Mihaela Fileva () (born May 15, 1991) is a Bulgarian singer-songwriter and dancer. Her career started in 2005 when she won the Bulgarian National Television show – “Hit Minus One”. Her big breakthrough was in 2011 when she was a finalist in The X factor Bulgaria.

Biography
Fileva was born in Veliko Tarnovo on May 15, 1991. She began playing piano and singing at the age of 6. At 9 she took her first dance classes. She won the music show "Hit-1" in 2006. She studied in The National Academy of Music "Prof. Pancho Vladigerov".

Education 
She graduated from the High School of mathematics and natural sciences "Vasil Drumev" in her hometown Veliko Tarnovo and then studied jazz and pop at The National Academy of Music “Prof. Pancho Vladigerov”, Sofia

Music career
Mihaela has won multiple awards including  "Female singer of the Year" award winner (BG Radio, Box TV, 359 Hip-Hop Music Awards), "Album of the Year" and "Lyrics of the year" (BG Radio), "Woman of The Year" (in Music, Grazia magazine).

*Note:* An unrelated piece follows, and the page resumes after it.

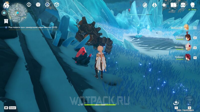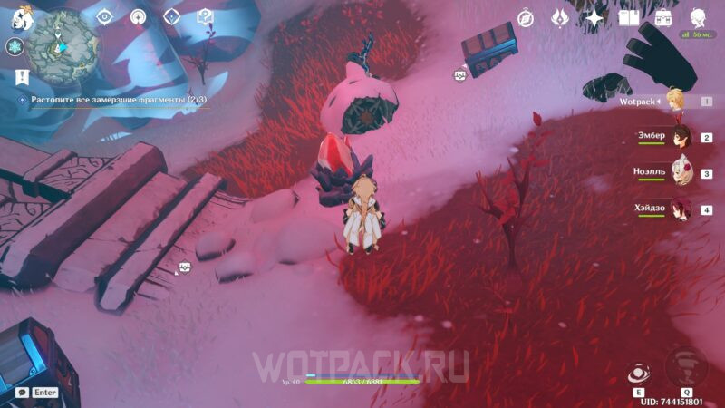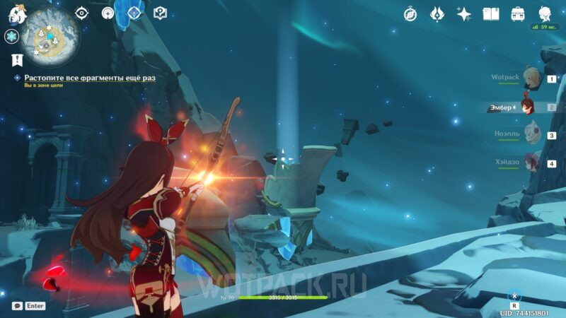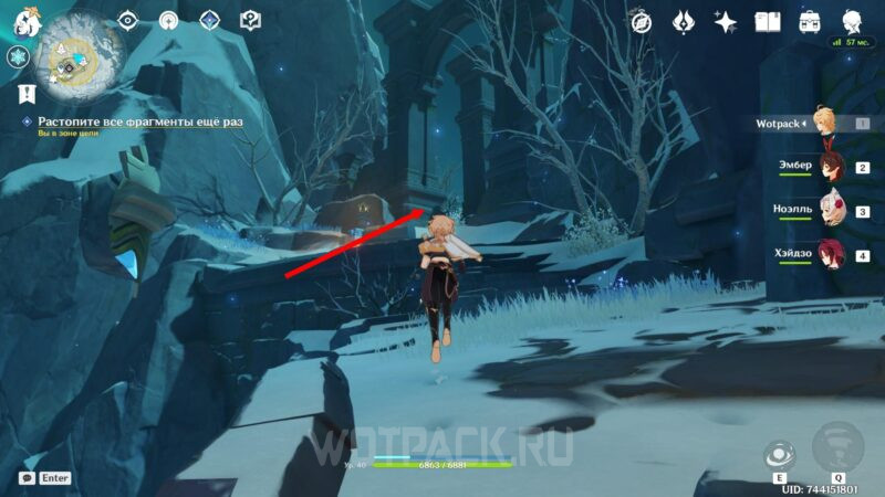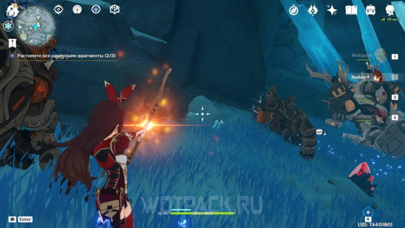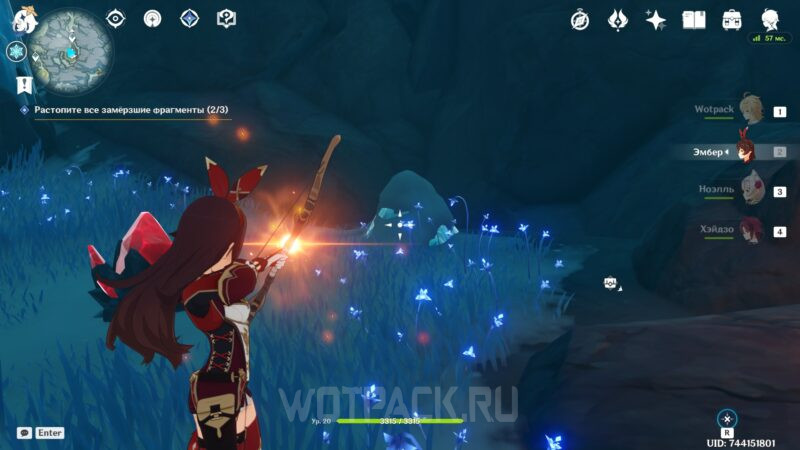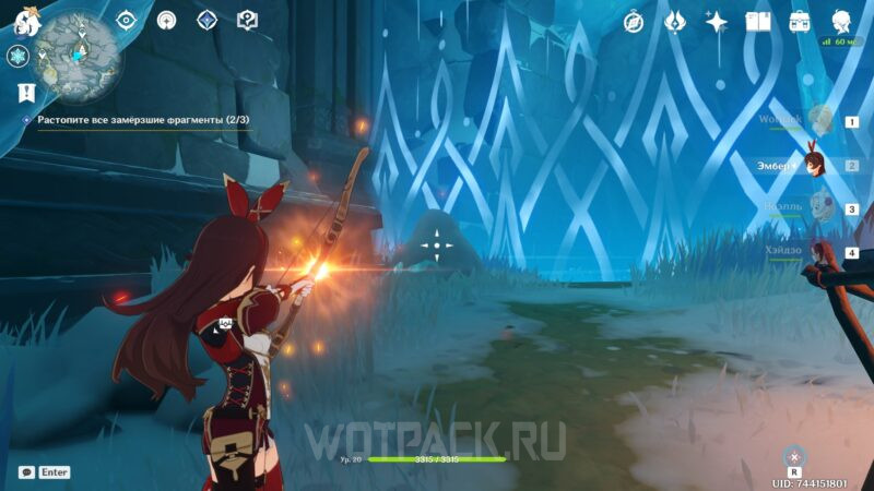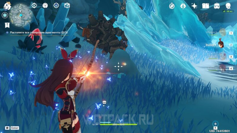 Чтобы каждый раз не подниматься к самим ледяным фрагментам, используйте лучника. Подберите алый кварц и, используя его, выстрелите заряженной атакой из лука в лед.

Mihaela first made an impression in 2011 as one of the finalists in "X-factor". Her appearance was noticed by the audience and some music producers and soon after she signed with the label Monte Music. In 2012 Mihaela released a single with Billy Hlapeto called "Kogato ti triabvam".

A few months later, the release of Mihaela's single "Opasno blizki", ft. VenZy, made her nationally popular as it turned into a smash hit. It was followed by "A dano, ama nadali" and "Prilivi i otlivi".
Once Mihaela released her debut album "Incognito", it was evidence that she is a productive songwriter and artist. Her singles "Na ryba na ludostta", "Edno naum", "I az sym tuk" and "Incognito" topped the charts in Bulgaria.
The release of her second album „Nova stranitsa" was followed by a sold out concert in one of the biggest concert halls in Sofia and a national tour. The title song, written by Mihaela herself, is considered a masterpiece. In 2020 her third album was released, it was the first live one called “Live in NDK”. 
The latest hit singles "Yin&Yang", "100 na 100"/"All The Way", "Latino Señorita", "Na drugia krai na sveta", "Rodena s kasmet" are included in Mihaela's fourth album "Yin&Yang", released in 2021 and presented with national tour.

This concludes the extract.